My cousin, in turn, says that I should change my major to something more marketable. I want to build a set of skills, become an asset for any company of my heart’s desire, he says. This takes hard work, lots of studying, a Bachelor’s degree or higher, and a good
On my days off from working at Taco Bell, though, I find myself reprogramming my computer. Looking for open source distributions to wipe my tainted systems clean. Those esoteric philosophy classes are really doing a number on the way I perceive everything, I’ll tell ya.
Does this mean I like computers more than I do journalism? Of course, not! I think I like all my hobbies and passions and intricate little projects just as equally if I fail or succeed in them. The trick is not to panic, Chuck Palahniuk says in his book, “Survivor.”
Maybe I can learn to live like they do, without a care in the world, talking foot-in-mouth, tongue-in-cheek. Jumping at the sight of opportunities.

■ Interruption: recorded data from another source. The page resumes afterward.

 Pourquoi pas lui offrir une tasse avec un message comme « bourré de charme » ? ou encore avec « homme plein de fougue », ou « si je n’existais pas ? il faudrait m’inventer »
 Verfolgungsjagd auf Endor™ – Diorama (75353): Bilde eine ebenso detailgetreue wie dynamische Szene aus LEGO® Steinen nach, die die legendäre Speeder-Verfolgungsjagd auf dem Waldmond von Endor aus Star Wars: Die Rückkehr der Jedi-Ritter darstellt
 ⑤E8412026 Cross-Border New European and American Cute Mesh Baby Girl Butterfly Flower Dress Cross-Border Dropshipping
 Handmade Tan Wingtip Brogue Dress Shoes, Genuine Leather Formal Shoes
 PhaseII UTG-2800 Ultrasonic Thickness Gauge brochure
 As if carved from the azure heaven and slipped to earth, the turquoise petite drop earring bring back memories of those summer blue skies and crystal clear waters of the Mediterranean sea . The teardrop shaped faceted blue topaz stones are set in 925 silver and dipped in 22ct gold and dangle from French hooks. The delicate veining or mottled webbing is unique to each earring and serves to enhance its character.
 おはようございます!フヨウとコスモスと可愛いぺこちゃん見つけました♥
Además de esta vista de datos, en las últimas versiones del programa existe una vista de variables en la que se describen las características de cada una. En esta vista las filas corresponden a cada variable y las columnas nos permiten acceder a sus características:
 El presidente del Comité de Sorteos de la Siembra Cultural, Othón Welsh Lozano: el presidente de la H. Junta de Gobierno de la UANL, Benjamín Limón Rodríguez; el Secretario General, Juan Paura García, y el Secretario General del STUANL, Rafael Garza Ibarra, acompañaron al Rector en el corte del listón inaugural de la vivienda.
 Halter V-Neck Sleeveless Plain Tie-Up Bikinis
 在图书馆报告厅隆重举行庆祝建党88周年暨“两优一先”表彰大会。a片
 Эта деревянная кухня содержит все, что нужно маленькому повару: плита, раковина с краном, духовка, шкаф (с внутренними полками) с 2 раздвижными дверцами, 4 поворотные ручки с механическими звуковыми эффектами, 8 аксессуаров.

That’s what this life is about right, improvisation? We’re all just actors on this tiny little stage we call Earth. Just how do we make our play meaningful. How can we make it resonate? Do we leave a legacy for our children to follow or should living on room and board alone, living pious, sailing the high seas as a Navy journalist or riding the waves of the African savannahs via commercially sponsored LandRover be the most morally exemplary way to spread the message that this world is all right.
The Kids Are All Right. (Great movie by Lisa Cholodenko, by the way.)
I don’t think our career choices really affect anyone unless they want to be affected. If you wish to believe what I say and trust in my sources and quotable inserts that I’ve taken, with permission, from real-live-primary-people, then so be it!
Not all of news is a farce. If the masses only knew.
So, for now, dear readers of my life story, (This is probably just my cousin and dad, loving boyfriend, and those hapless Google surfers who find themselves stuck on my page by sheer coincidence) don’t fret! I’m not giving up on my dreams. I want to write! I’ve wanted anything more as a kid, as an adolescent, and now as a young adult.
I started blogging as early as 14 years old, started illegally downloading music at 10, simply because it’s fun. And because my dad was in on it. He taught me to love to learn mIRC and this new frame of mind that built around my love for him really pushed me to grow as a little person.
It’s fascinating. And I think the knowledge and entertainment the world wide web provides should be made free to all who seek it. I’m going to keep on chugging until my gears turn to rust and my flame has died out. I can’t predict if I’ll accept the helping hand of a few dollar bills thrown my way in exchange for my extreme will to explore and produce and write write write.
I promise, though, not to get too caught up in the corruption that spreads like that dreaded peer pressure of my younger years, when it comes to monetary gain throughout the career paths of my choosing.
Thanks for listening, by the by. I appreciate it.